I have a question about how Python executes statements involving tensors on the GPU. I assume that when Python reaches such a statement, all its parameters should be in the main memory, but most tensors are on the GPU. To my surprise, I noticed that there is no device-to-host exchange when executing such a statement, and I’m curious about how PyTorch achieves this.

Specifically, for the following two statements:

context_layer = torch.nn.functional.scaled_dot_product_attention(query_layer, key_layer, value_layer, is_causal=True)
context_layer = context_layer.permute(2, 0, 1, 3)

I thought that after the first statement is executed, context_layer needs to be transferred back to the CPU so that Python can execute the second statement. However, I did not observe any similar data exchange, even though I set breakpoints on common CUDA functions such as cudaMemcpyAsync, cudaMemcpy and so on.

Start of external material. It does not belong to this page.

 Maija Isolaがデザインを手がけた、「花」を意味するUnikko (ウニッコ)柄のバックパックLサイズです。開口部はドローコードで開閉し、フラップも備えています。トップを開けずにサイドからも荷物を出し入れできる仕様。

I believe that this might be achieved through some reference-like mechanism. I encountered this issue while debugging PyTorch with GDB and found inconsistent behavior. When breakpoints are set on the first statement, there is data exchange after execution, but if you execute these two statements directly, there is no data exchange. Therefore, I suspect that this part of the data exchange is caused by the debugger.

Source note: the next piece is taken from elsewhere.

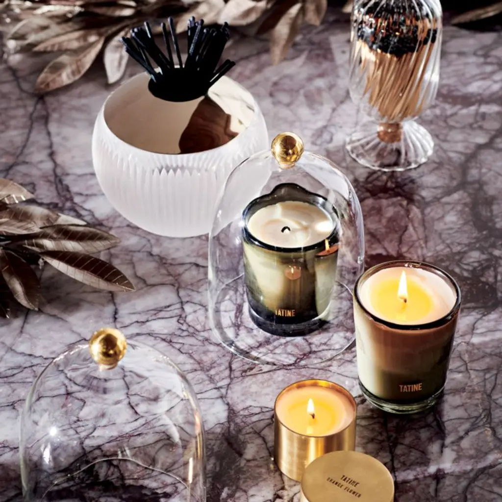 Glass cloche with unlacquered brass knob is both a practical way to keep dust from falling on candles and a gorgeous decorative object on its own. Elevates even the simplest candle (but do not use it while burning). Because the knob is crafted of unlacquered brass, it will change in color over time and develop a patina, adding character and heirloom quality as the years go on. Also works to spotlight other small decor pieces, not just candles. CB2 exclusive.

Moving data to the CPU after each call would synchronize the code and result in terrible performance. After moving the data to the GPU PyTorch executed CUDA kernels on this already moved data by passing its pointer to the kernel as is the standard approach. There is no reason to move the data back.

Thanks for reply. I now understand the performance issues this may bring and data transfer can be circumvented through the use of pointers. However, I am still puzzled because, after the execution of the first statement, context_layer as a Tensor on the GPU, its data has not been transferred back to the CPU. Does this imply that at this moment, the data portions of context_layer on the CPU and GPU are inconsistent, even though this won’t affect computations (due to the use of pointers)?
And can you give me some documents related to such a question? thanks.

There are no data portions on the CPU. The tensor holds the metadata, such as the shape and stride, on the CPU as well as the data pointer to the GPU memory where the actual data is stored.

1 Like

Thanks. I believe i need to read Tensor’s source code.